Most orgs mix both: begin on Hosted and add one or more Self-Hosted planes for sensitive or high-throughput work.

## **Scope & isolation**

* The **selected control plane** is the active scope for the UI. New objects are created in that plane.
* Objects and executions **do not cross planes**. Switching planes does not move tasks or data.
* Common patterns: one hosted plane for experimentation; dedicated self-hosted planes per region/business unit.

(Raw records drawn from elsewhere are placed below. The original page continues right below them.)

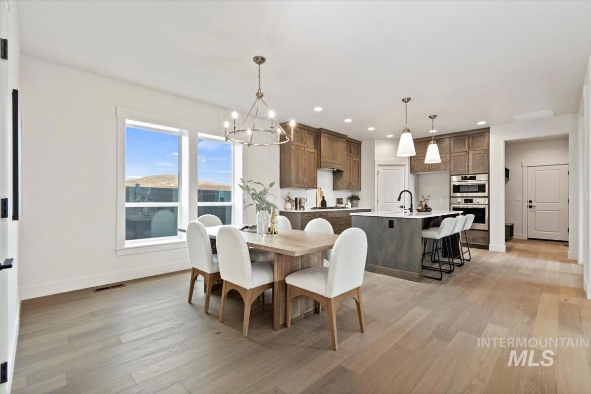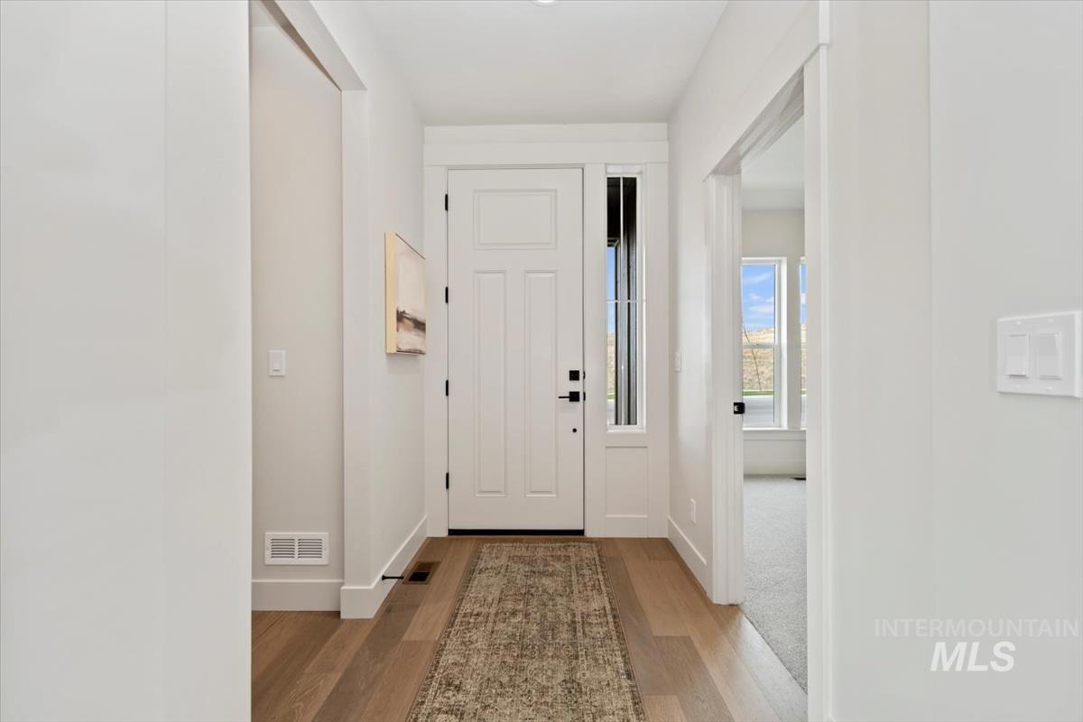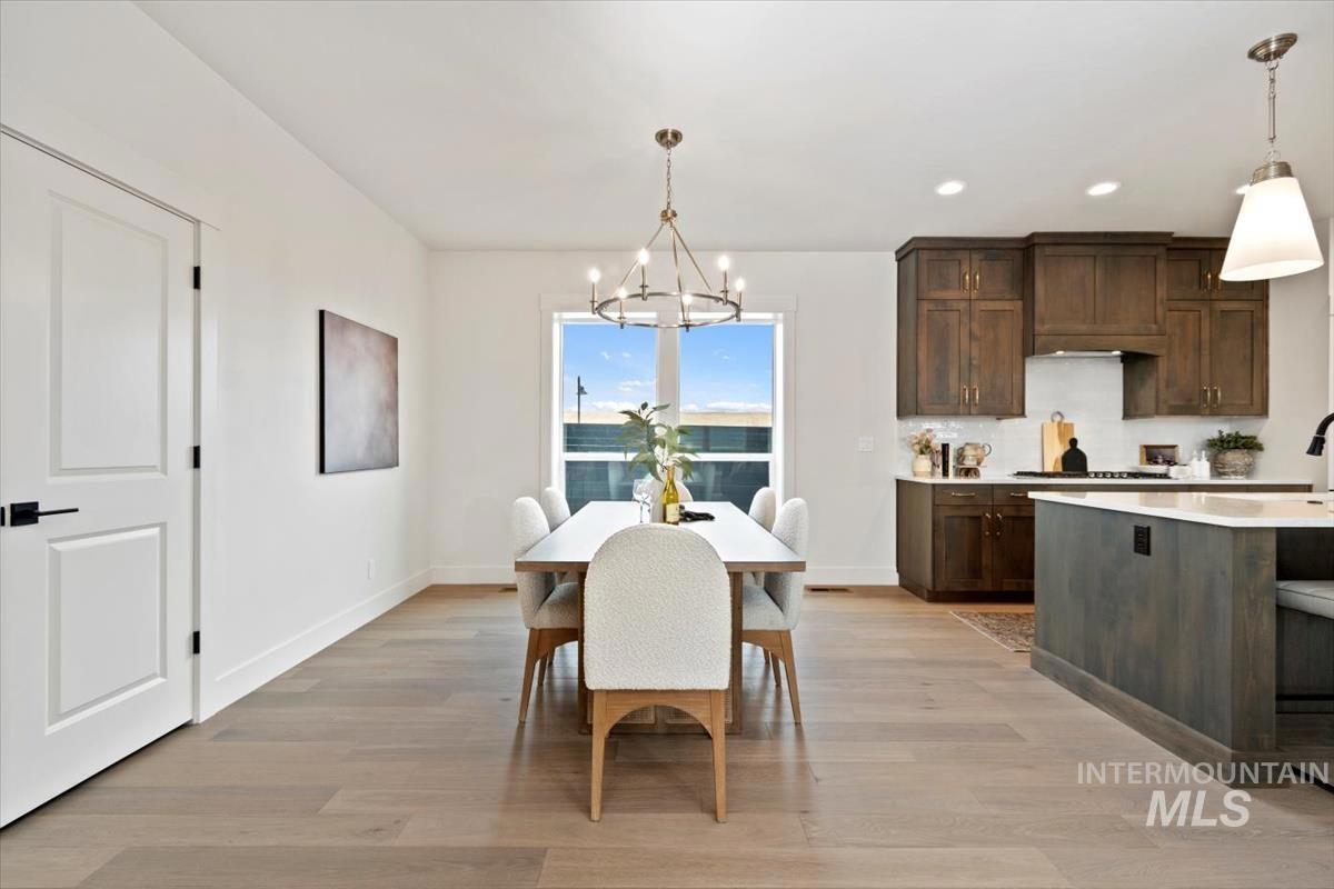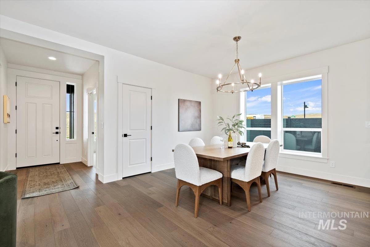 Welcome to Tresidio Homes, Orchid floor plan in the highly desirable new Eagle community Valnova. This premier new foothill community offering unmatched amenities including a sparkling lake with sandy beach, resort-style pool, modern gym, pickleball and tennis courts, and scenic parks. This stunning 1,650 sq ft home boasts 3 bedrooms, 2 baths, and a 2-car garage. Inside, enjoy elegant wood flooring in main areas, a spacious great room with striking wood beam accents, and chef-inspired Bosch appliances in the gourmet kitchen with quartz counters. Perfect for entertaining or relaxing, this home blends style, comfort, and functionality in a vibrant, active neighborhood. Experience the best of foothill living at Valnova!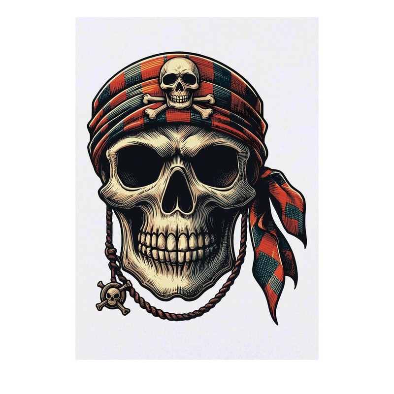 'Pirate Skull With Bandana' Temporary Tattoo - Water Resistant, Skin-Safe, Non-Toxic Transfer (TO00077649)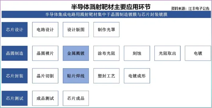 江丰电子主业聚焦于超高纯金属溅射靶材,主要应用于超大规模集成电路芯片、平板显示器的物理气相沉积(PVD)工艺,是制造存储芯片不可或缺的关键材料。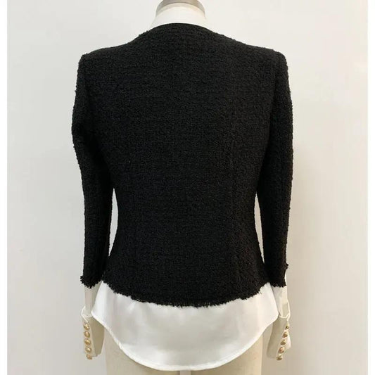 Regular price HK$366.00Regular priceUnit price / perSale price HK$366.00Europe and the United States fashion women's shirt spring and autumn new design sense ruffled stitching solid color round neck net red shirt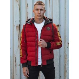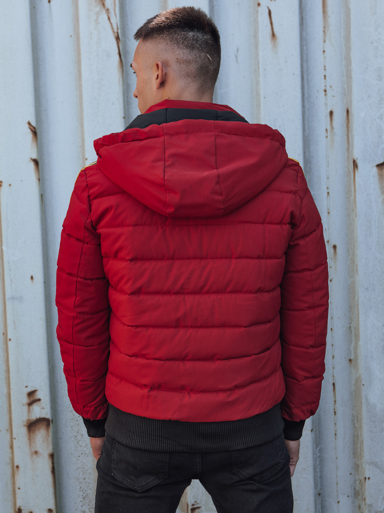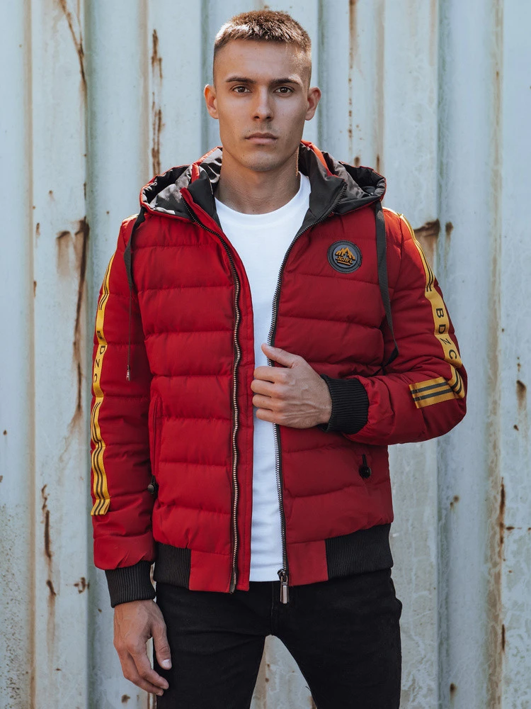 Pánská prošívaná zimní bunda s kapucí bordó Dstreet model 21980302 - FashionStreet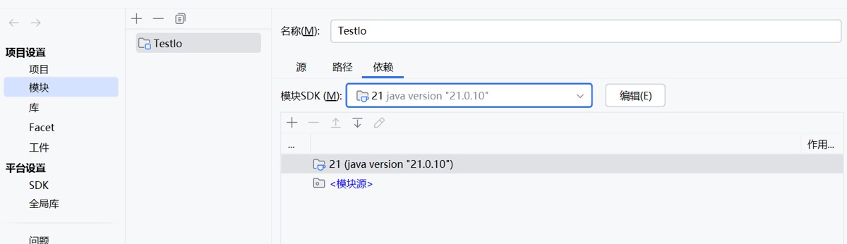 打开项目中的任意 Java 类,点击顶部「文件 → 项目结构 → 模块」,确认模块 SDK 一致。
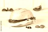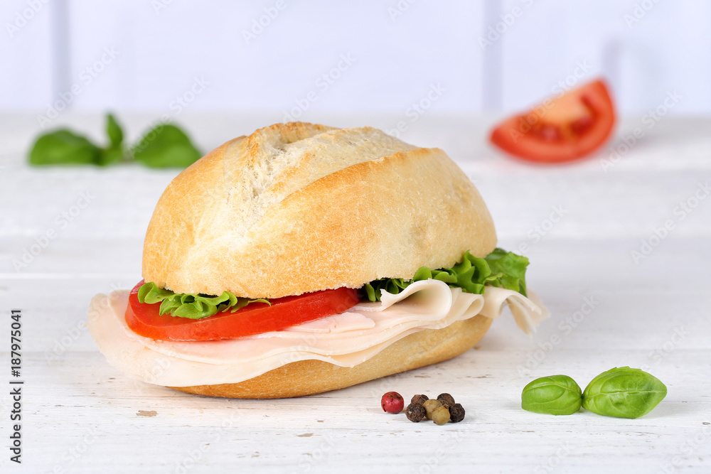 Brötchen Sandwich Baguette belegt mit Schinken auf Holzbrett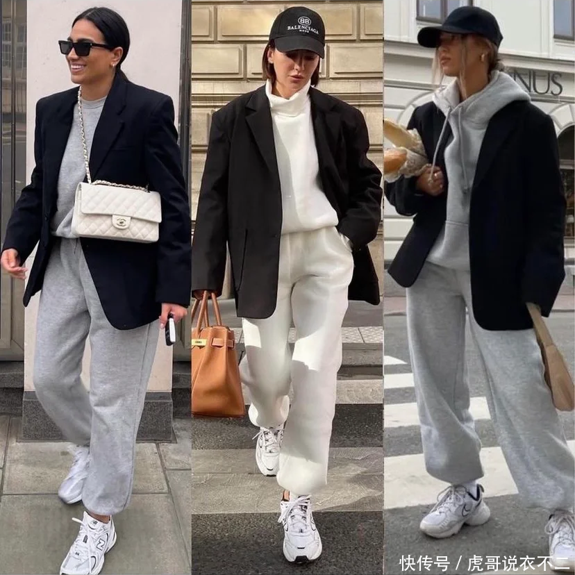 卫衣和束脚卫裤就是不错的选择,它们能为西服造型增添一抹休闲感。但在颜色搭配上要注意保持和谐统一,避免过于鲜明的对比色破坏整体造型的质感。例如,穿黑色西服时,卫衣和卫裤可以选择黑白灰等中性色进行搭配。

## **What you’ll configure**

When creating a self-hosted plane, you’ll choose:

* **Deployment platform**
  * Enterprise: **Kubernetes Operator** (recommended), **OpenShift Operator**
  * Serverless (zero infra mgmt): **Vercel**, **GCP Cloud Run**, **AWS Lambda**, **Cloudflare Workers**
* **Resource profile** – Minimal (dev), Standard (prod), or High Performance
* **Security & RBAC** – Cluster-wide access (optional), network policies, run-as-non-root
* **Storage** – Enable persistent storage and pick a storage class
* **Components** – Workflow Engine, Dagger Runtime (container tool execution), Image Updater
* **Monitoring & telemetry** – Prometheus metrics and OpenTelemetry tracing

## **Create a control plane**

1. **Open**: In the left nav, go to **Infrastructure > Control Planes** and click **Create Control Plane** (or use the control-plane switcher at the top-left and choose **Create Self-Hosted Control Plane**).
2. **Choose your deployment platform**:
   * *Kubernetes/OpenShift* for full control and observability.
   * *Serverless* options for zero-ops evaluation or lightweight workloads.
3. **Basic setup**:
   * **Name** – Unique, lowercase; shown across the UI.
   * **Deployment target** – Pre-selected by the platform you chose.
   * **Resource profile** – Minimal / Standard / High Performance.
   * **Options** – Toggle **Persistent storage** (recommended for prod), **Monitoring & telemetry**, and **Cluster-wide access** (only if tools require cross-namespace access).
4. **Advanced configuration** (optional):
   * **Security & RBAC** – Network policies; run as non-root; scope cluster-wide access if needed.
   * **Storage** – StorageClass and retention.
   * **Components** – Enable/disable Workflow Engine, Dagger Runtime, Image Updater.
   * **Telemetry** – Prometheus + OpenTelemetry; scrape interval.
5. **Generate install assets**: Click **Create Control Plane**. The UI produces a platform-specific config (e.g., a `values.yaml`) and an install command.
   * *Kubernetes/OpenShift*: run the shown command (Helm/Operator) with permissions to create namespaces, deployments, services, PVCs, and (if enabled) cluster-wide roles.
   * *Serverless*: follow the shown deploy command/link for your provider.
6. **Verify readiness**: After deployment, the plane appears in **Control Planes** with a **Ready** status. From here you can:
   * Register **LLM Gateways** and **MCP Servers**
   * Create **Skills**
   * Set **Policies**
   * Proceed to **Environments**, **Agents**, **Teams**, **Projects**, and **Task Queues**

## **Good defaults**

* Start on **Kubiya Hosted**; add self-hosted planes as needs grow.
* Enable **Persistent storage** for anything beyond quick trials.
* Keep **Cluster-wide access** off unless a tool genuinely needs it; prefer namespace-scoped access.
* Turn on **OpenTelemetry** to integrate traces with your observability stack.

## **Notes & migration**

* Execution capacity comes from **Task Queues** attached to the plane.
* Executions are **deterministic and step-isolated**; failures are contained to the failing step and visible in audit logs.
* To move assets between planes, export/import workflows and recreate dependent objects (environments, Skills, policies) on the target plane.